Maybe it could work with sglang but then again haven't tested it yet...
Also llama.cpp is limited by concurrent requests (AFAIK it supports them but you need to split context size by number of parallel request) so vllm would be better for production deployment (if it worked that is)
Also llama.cpp is limited by concurrent requests (AFAIK it supports them but you need to split context size by number of parallel request) so vllm would be better for production deployment (if it worked that is)
FYI: I am looking at flexllama as a possible option to serve gpt-oss-120b on H100s to a hand-full of customers (assuming we can get llama.cpp to server the gpt-oss-120b model on our H100s).
+1 i have the same behaviour with gpt-oss + the last release of vllm + litellm on 2xH100. I have 128k context.
same behavior with gpt-oss-120b on sglang (hosted on our 2x rtx 6000 ada server) with 64k context window
+1
FYI: We have have a successful demo using llama-swap to serve the gpt-oss-120b model on multiple GPUs (H100s) from a single endpoint IP:port. That is good enough for our research and benchmarking use cases. But this will not work for our customers who are using vLLM.
Anyone working on this?
also observing this issue in codex cli when trying to access gpt-oss-120b running in vllm (on a separate nvidia-dgx-spark device) . Other client tools like cline, cline-cli have no trouble accessing this same model hosted by vllm and using tools etc, so it is not the VLLM configuration. Cline is a little slanted to Anthropic conventions though so I was hoping for better tool use in OpenAI's own tool talking to their own open source model but so far no luck! The most I can get out of codex with the vllm model is a short answer without context (like "short poem on python"), then it forgets everything....
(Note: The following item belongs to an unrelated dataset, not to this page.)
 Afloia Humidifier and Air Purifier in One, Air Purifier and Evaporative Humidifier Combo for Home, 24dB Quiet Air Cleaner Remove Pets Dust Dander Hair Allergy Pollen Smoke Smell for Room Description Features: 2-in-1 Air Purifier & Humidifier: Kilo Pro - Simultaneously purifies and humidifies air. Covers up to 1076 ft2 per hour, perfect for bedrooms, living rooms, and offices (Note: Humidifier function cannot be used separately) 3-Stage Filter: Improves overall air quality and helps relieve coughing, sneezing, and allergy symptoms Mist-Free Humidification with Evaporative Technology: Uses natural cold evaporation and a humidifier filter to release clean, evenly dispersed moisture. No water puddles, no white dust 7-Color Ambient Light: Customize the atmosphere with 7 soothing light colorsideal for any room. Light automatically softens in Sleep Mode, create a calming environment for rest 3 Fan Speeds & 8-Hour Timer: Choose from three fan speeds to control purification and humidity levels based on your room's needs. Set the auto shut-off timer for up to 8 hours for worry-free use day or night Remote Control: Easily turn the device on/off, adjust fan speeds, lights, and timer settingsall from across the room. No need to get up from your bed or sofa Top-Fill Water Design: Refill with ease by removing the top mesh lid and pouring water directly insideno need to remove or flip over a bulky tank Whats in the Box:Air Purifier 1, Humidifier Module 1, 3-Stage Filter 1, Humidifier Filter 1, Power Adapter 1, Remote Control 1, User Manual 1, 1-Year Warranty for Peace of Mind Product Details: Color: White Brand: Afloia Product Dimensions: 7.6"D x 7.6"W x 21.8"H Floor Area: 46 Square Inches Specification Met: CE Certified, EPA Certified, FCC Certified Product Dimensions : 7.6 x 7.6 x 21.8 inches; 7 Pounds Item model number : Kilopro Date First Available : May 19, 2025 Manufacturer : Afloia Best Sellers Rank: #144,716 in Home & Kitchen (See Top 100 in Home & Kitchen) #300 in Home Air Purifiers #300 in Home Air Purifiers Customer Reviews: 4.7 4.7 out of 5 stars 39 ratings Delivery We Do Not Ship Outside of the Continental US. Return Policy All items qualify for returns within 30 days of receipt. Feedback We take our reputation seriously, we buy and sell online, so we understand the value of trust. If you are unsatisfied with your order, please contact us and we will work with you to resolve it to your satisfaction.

Other client tools like cline, cline-cli have no trouble accessing this same model hosted by vllm and using tools etc,
@cboettig, those agents may be using the batch non-streaming "Response API" for vLLM gpt-oss which is documented to work at:
- https://docs.vllm.ai/projects/recipes/en/latest/OpenAI/GPT-OSS.html#harmony-format-support
The issue is that vLLM did not support the "Response API with Streaming" which is what codex cli seems to be using.
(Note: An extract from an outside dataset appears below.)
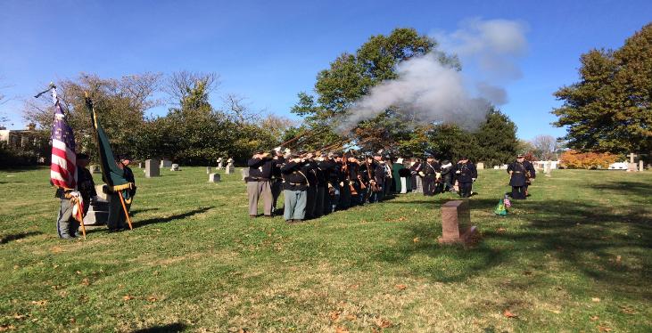 A large turnout of 69th Pa soldiers and ladies gathered at Old Cathedral Cemetery in

However, with the merge of the vLLM branch just a couple days ago:
- https://github.com/vllm-project/vllm/pull/26874
that might be resolved (but I have not verified that yet).
We are getting along fine with llama.cpp serving gpt-oss models with codex cli for our project for a long time.
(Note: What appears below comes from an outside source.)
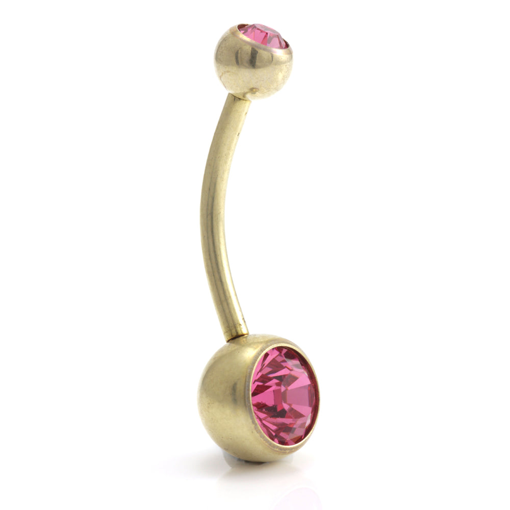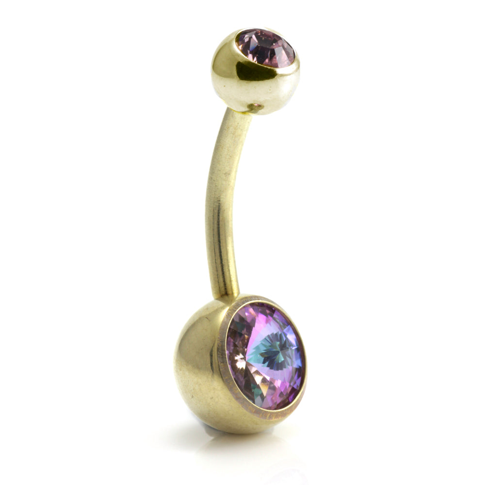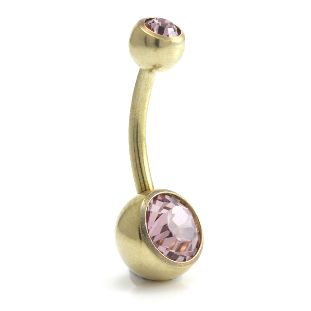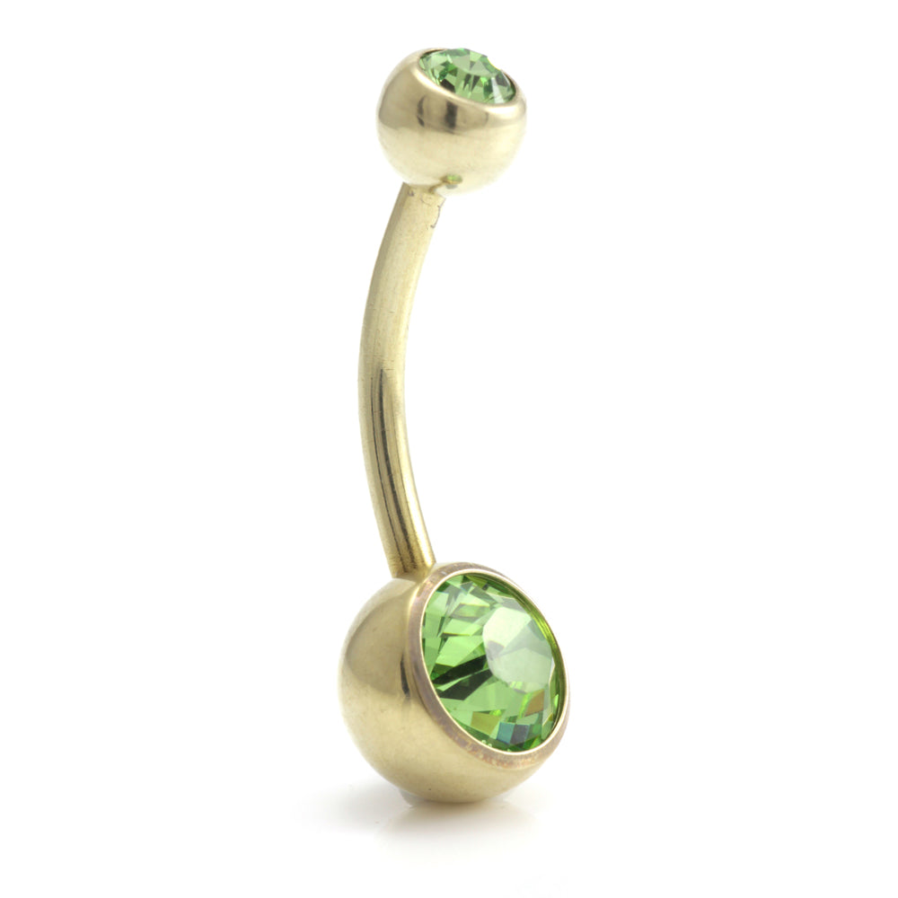 Zircon PVD Gold Ti Double Jewelled Navel Bar

that might be resolved (but I have not verified that yet).
@bartlettroscoe have you had an opportunity to check if it’s actually fixed?
Im facing the same problem apparently.
@bartlettroscoe have you had an opportunity to check if it’s actually fixed?
@andresssantos, I have not. I was hoping someone else would have time to do it. We are getting by just fine with llama-swap/llama.cpp with gpt-oss-120b for now.
The latest version of the CLI (0.59.0) includes support for LM Studio (in addition to Ollama). See this documentation for configuration details. LM Studio has support for the stateful "responses" endpoint, which was designed for modern reasoning models like gpt-oss, so you may find that you get better results. Let us know what you find.